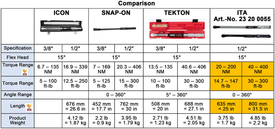 Plage de couple:40 ~ 400 Nm (30 ~ 300 pied-lb)
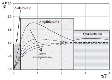 • Zona de amplificación.- En la zona media se encuentran los impactos cuya duración es cercana al periodo natural del sistema, y en este caso la respuesta es amplifi cada. Es en esta zona donde al amortiguamiento tiene un mayor efecto en cuanto a reducir la respuesta del sistema.
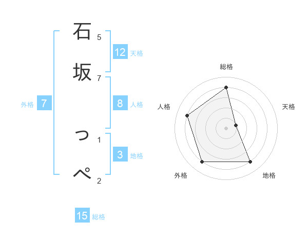 石坂 っぺさんを姓名の画数から五運を鑑定
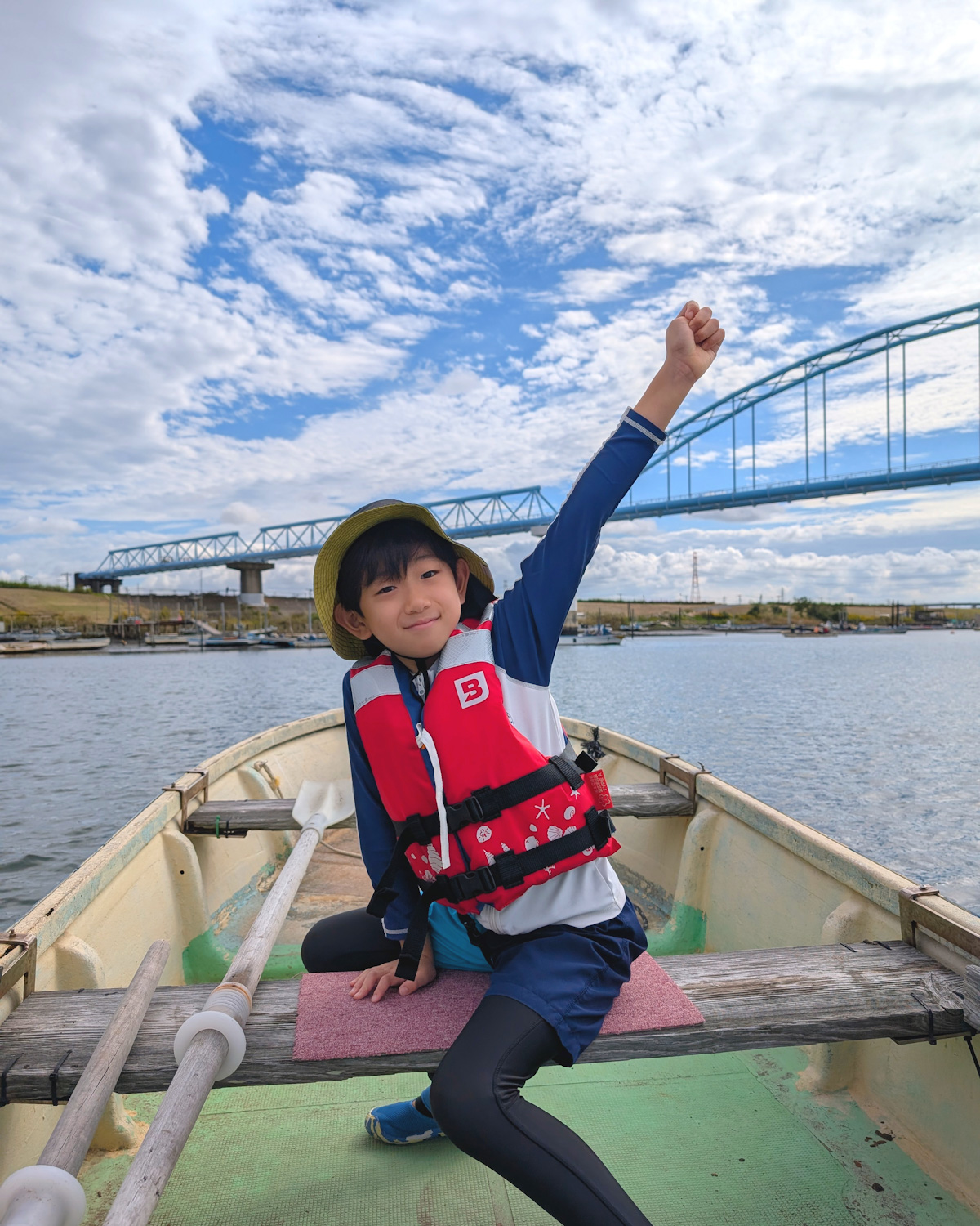 今回、ボート屋さんでボートを出してもらいました。初めてのボート釣りなのもあり、低学年の子ども連れなので沖には出ず、近場の川の真ん中辺りに連れて行ってもらい、イカリを降ろしていざスタート!
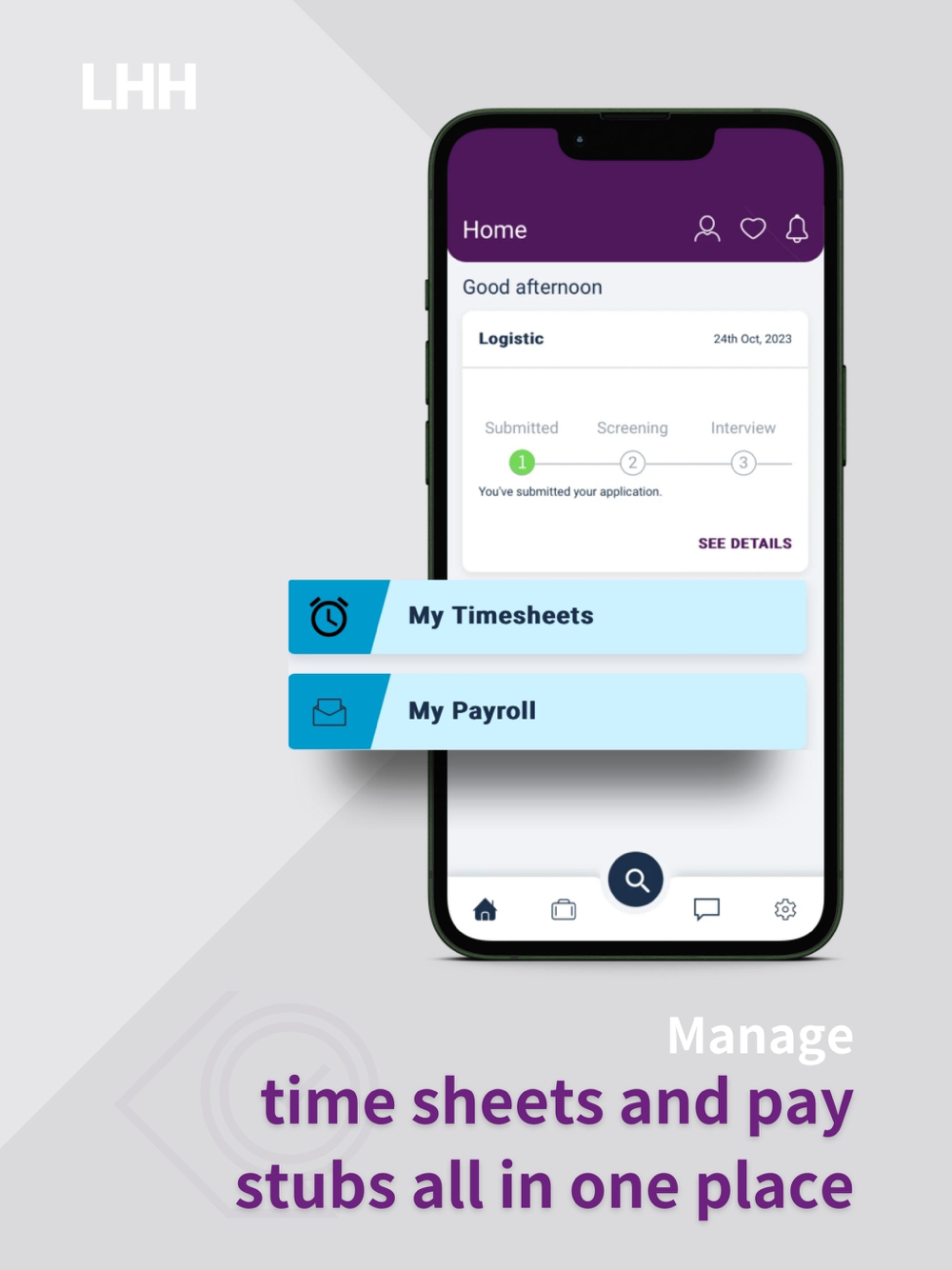 The LHH app is your one-stop digital staffing agency to find, apply, and manage your next job easily. It's free and easy to use! Everything you need is right at your fingertips.
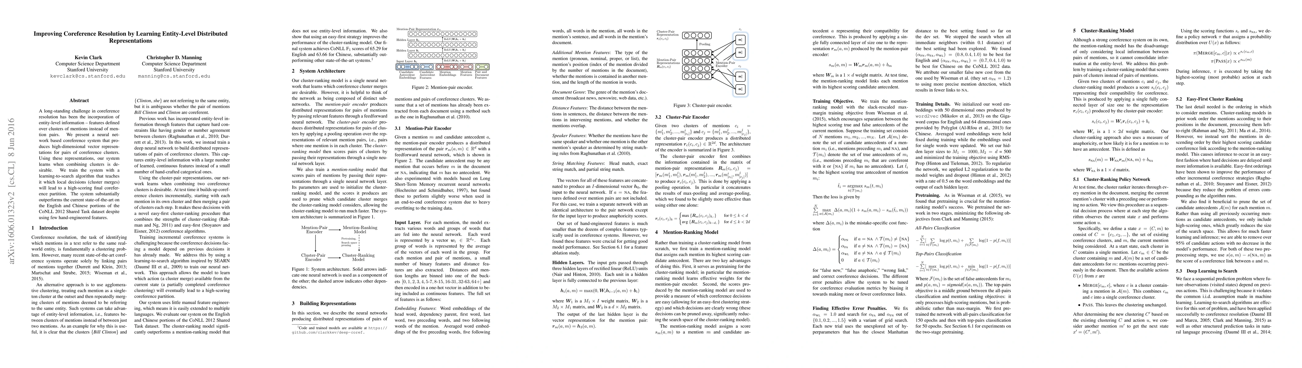 This paper introduces a neural network-based coreference resolution system that leverages high-dimensional vector representations for coreference clusters to improve resolution accuracy. The system uses a learning-to-search algorithm to optimize local decisions, achieving state-of-the-art results on English and Chinese datasets with minimal hand-engineered features.
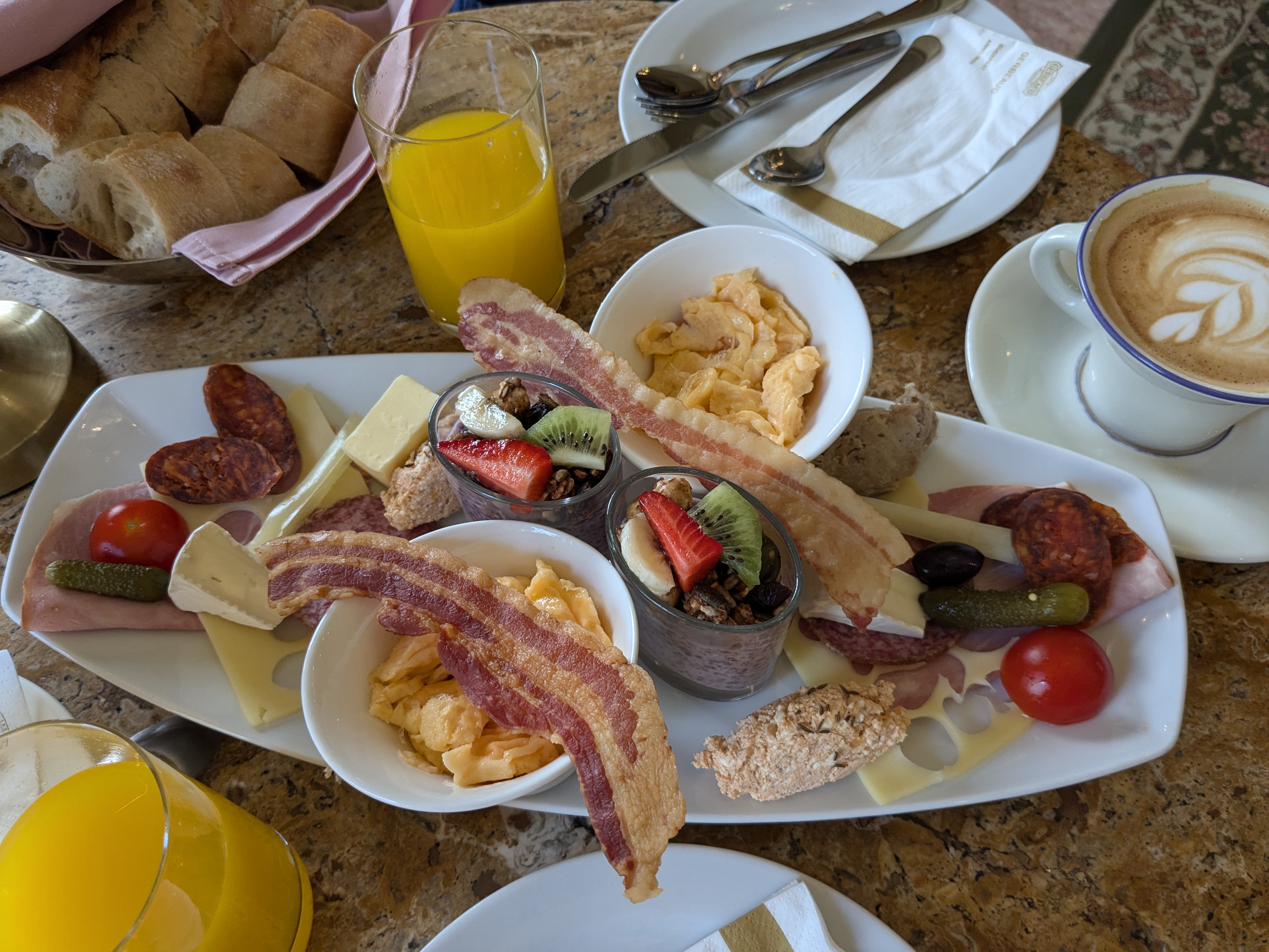 We started the day with breakfast at the beautiful Cafe Gerbeaud. Cafe Gerbeaud has a storied history since its creation in 1858, a meeting in Paris that decided the cafe succession, a change of regimes, and then a return in 1984. The breakfast, pleasing to the eyes and palate, lived up to its history. Their sweets made wonderful edible souvenirs. We ended up getting a few boxes of Cognac Cherry bonbons. The Gderbeaud filled cat’s tongue chocolate would be another great souvenir choice.
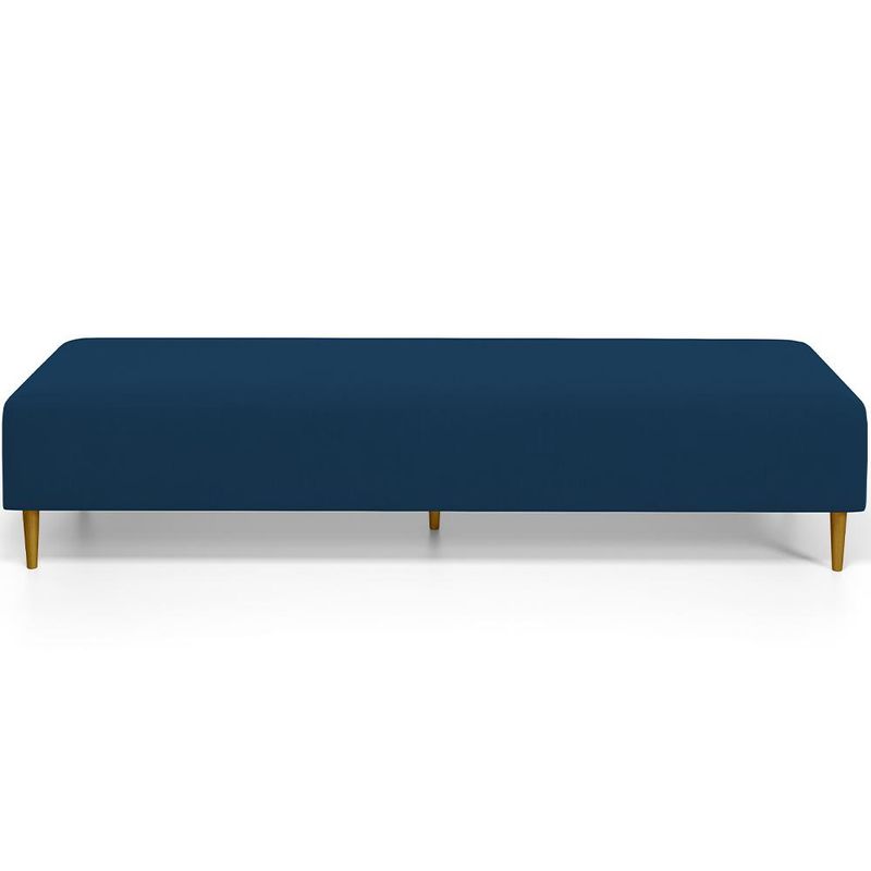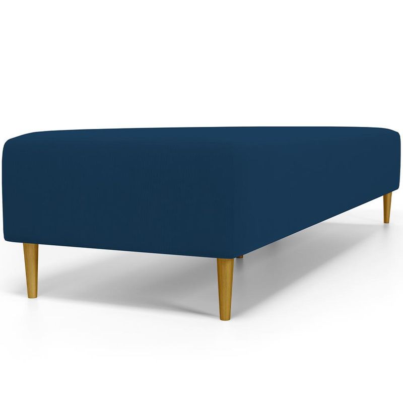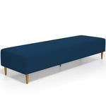 Pensando na praticidade do dia-dia, o Puff Decorativo Bali W01 Pés Palito 190x60cm da Lyam Decor é perfeito para a sua decoração!! É extremamente confortável, ideal para quem procura por funcionalidade e beleza embutidos num único produto. Estruturado com espuma macia e de alta densidade e revestimento de excelente qualidade, além de seus belos pés palito que arrematam muito bem toda a composição deixando-o ainda mais elegante. Possuindo diferentes funções, pode ser posto em salas de estar, garantindo assentos extras, no quarto, como um apoio ou até mesmo recamier aos pés da cama, em closets, integrando ambientes, dentre outras opções. Com certeza vai harmonizar e embelezar ainda mais a decoração do seu lar. Garanta já o seu!!! Dimensões do produto (L x A x P) 190 x 45 x 60 cm Características: Estrutura em pinus e eucalipto de reflorestamento, com imunização contra mofo, cupim e micro-organismos. Revestimento em Suede na cor Azul Marinho. Espuma de poliuretano D-26. Pés Palito com montagem prática, necessita apenas rosquear na base. Peso suportado: Até 120 kg. Sustentação do assento com percíntas elásticas de 50mm. Altura dos pés: 15 cm. - Por se tratar de estofado as medidas podem ter uma pequena variação de até 3 cm. - A tonalidade do produto real poderá ter ligeira variação devido o lote de tecidos. Observações importantes: - Produto para uso residencial em ambiente interno, não devendo ficar exposto diretamente ao sol, calor e umidade excessivos. - Pode haver alguma diferença de tonalidade entre a imagem e o produto real, por conta do tratamento de imagens e a calibração de cores do seu monitor. - As imagens são meramente ilustrativas, não acompanham objetos de decoração e eletrônicos. - Ao receber a mercadoria, o cliente deve verificar as condições da embalagem, caso haja alguma avaria não assine o comprovante de recebimento. - Montagem, desmontagem e outras instalações serão de responsabilidade do cliente. Não nos responsabilizamos, no ato da entrega, por subir escadas/elevadores ou pelo transporte por guincho em apartamentos. Eventuais despesas são de responsabilidade do comprador. - Confira as dimensões do produto e certifique-se de que passará normalmente por supostos elevadores, portas, escadas e/ou corredores de sua residência.
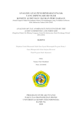 Oktafiani, Fini (2020) Analisis Atas Penghindaran Pajak Yang Dipengaruhi Oleh Komite Audit Dan Ukuran Perusahaan (Studi Empiris Pada Perusahaan Sektor Pertambangan Yang Terdaftar Di Bursa Efek Indonesia Tahun 2016-2018). Other thesis, Universitas Komputer Indonesia.
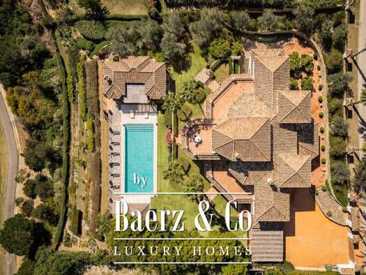 a luxurious mediterranean villa located in the hills of sotogrande, in the area of hotel so/sotogrande and almenara golf course, with beautiful mountain views. the entrance is through a courtyard tha...
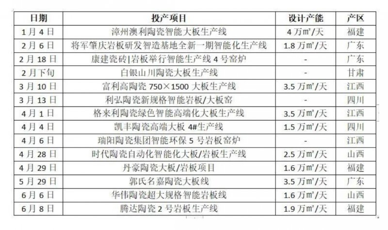 6月,山西、福建两个产区相继投产大规格岩板生产线。2022年,从投产区域来看,广东产区经过2019-2020年岩板线的快速扩张之后,新线增长已经趋于平稳。
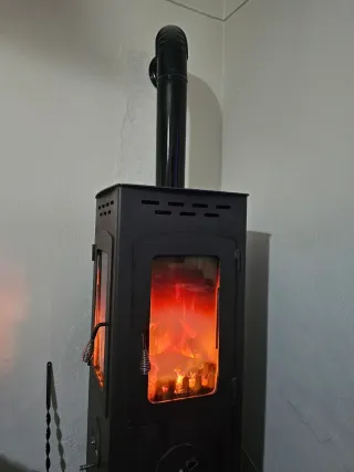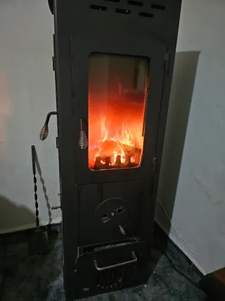 Chimenea de leña con un diseño moderno y funcional. Perfecta para crear un ambiente acogedor. - Estructura principal de metal. - Ventana de cristal para ver el fuego. - Puerta inferior para almacenamiento o cenicero. - no incluye tubos

→ Work required
The line with "The LHH app" ends the range, and the first line of the data begins it; repeat exactly those lines and nothing more, omitting pictures.

→ Response to the exercise
 Plage de couple:40 ~ 400 Nm (30 ~ 300 pied-lb)
 • Zona de amplificación.- En la zona media se encuentran los impactos cuya duración es cercana al periodo natural del sistema, y en este caso la respuesta es amplifi cada. Es en esta zona donde al amortiguamiento tiene un mayor efecto en cuanto a reducir la respuesta del sistema.
 石坂 っぺさんを姓名の画数から五運を鑑定
 今回、ボート屋さんでボートを出してもらいました。初めてのボート釣りなのもあり、低学年の子ども連れなので沖には出ず、近場の川の真ん中辺りに連れて行ってもらい、イカリを降ろしていざスタート!
 The LHH app is your one-stop digital staffing agency to find, apply, and manage your next job easily. It's free and easy to use! Everything you need is right at your fingertips.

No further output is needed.